**Data under study:**

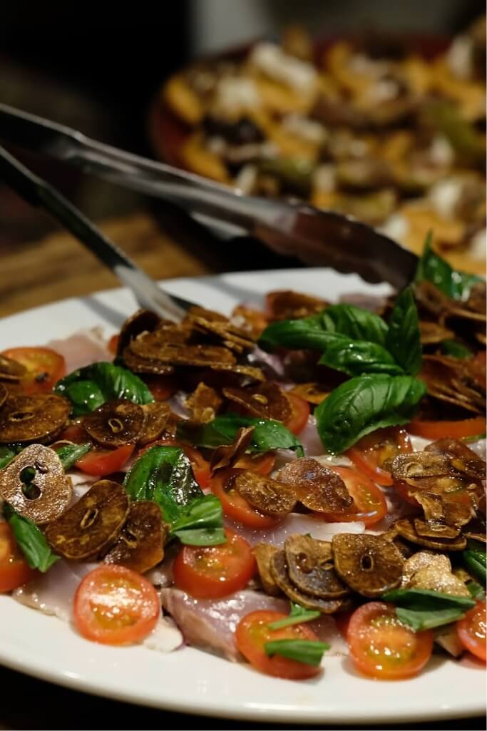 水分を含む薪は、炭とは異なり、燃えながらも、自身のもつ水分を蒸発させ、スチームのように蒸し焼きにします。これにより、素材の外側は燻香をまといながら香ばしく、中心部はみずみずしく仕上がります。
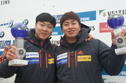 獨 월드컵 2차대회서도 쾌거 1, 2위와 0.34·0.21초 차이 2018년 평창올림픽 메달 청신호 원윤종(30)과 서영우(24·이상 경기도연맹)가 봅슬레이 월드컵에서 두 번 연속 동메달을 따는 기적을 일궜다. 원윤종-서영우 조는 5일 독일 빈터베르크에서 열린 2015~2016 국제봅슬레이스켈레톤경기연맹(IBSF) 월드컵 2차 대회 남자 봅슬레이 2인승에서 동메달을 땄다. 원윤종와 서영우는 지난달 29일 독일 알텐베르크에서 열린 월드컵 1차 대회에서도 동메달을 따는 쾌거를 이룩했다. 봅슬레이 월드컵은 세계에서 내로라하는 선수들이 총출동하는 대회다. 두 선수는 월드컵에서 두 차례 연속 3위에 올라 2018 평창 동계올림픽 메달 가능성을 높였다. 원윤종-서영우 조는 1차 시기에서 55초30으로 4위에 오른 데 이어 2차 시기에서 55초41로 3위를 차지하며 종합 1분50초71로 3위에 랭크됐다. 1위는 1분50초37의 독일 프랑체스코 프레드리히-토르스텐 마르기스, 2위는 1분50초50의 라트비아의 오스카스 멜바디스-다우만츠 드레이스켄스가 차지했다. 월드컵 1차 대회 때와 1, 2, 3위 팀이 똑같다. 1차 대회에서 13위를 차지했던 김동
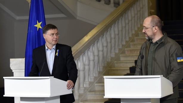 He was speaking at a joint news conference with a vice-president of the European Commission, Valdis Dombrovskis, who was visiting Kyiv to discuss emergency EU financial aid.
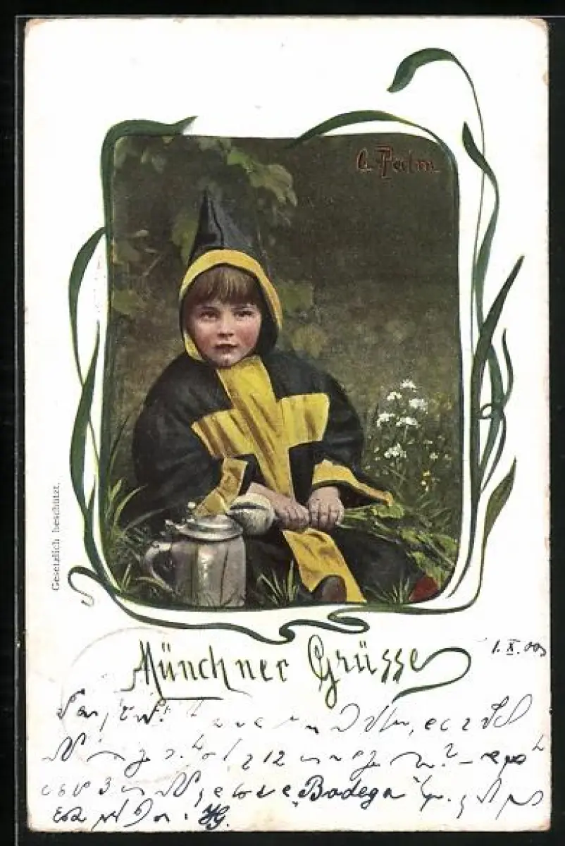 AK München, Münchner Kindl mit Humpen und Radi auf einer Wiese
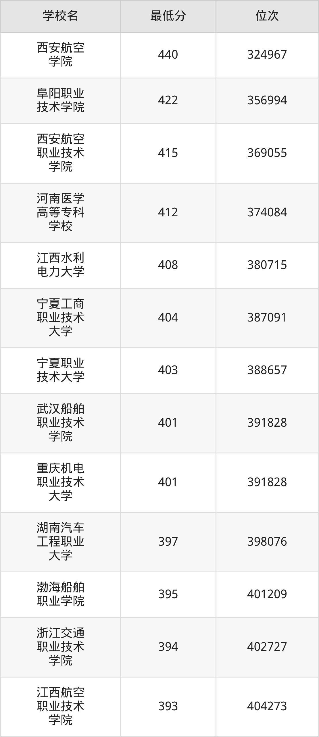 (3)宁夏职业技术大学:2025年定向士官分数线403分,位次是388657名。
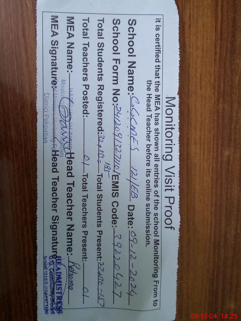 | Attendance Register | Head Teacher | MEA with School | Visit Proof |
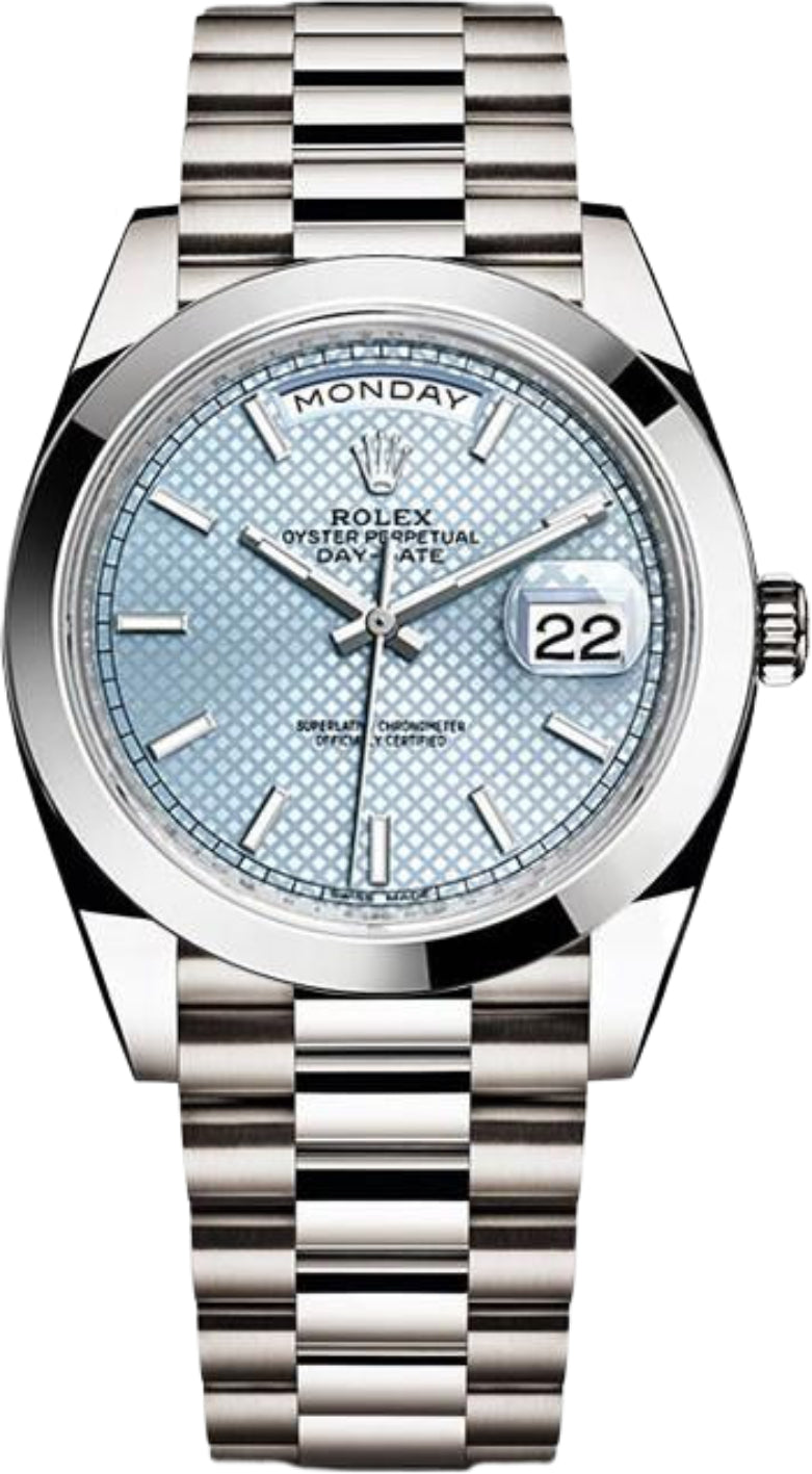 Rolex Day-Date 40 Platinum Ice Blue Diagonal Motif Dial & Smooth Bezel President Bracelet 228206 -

**Task directions:** In the records above, find the line containing "(3)宁夏职业技术大学:20", then write out exactly that line and every later one through the last, omitting pictures.

**Exercise solution:**
 (3)宁夏职业技术大学:2025年定向士官分数线403分,位次是388657名。
 | Attendance Register | Head Teacher | MEA with School | Visit Proof |
 Rolex Day-Date 40 Platinum Ice Blue Diagonal Motif Dial & Smooth Bezel President Bracelet 228206 -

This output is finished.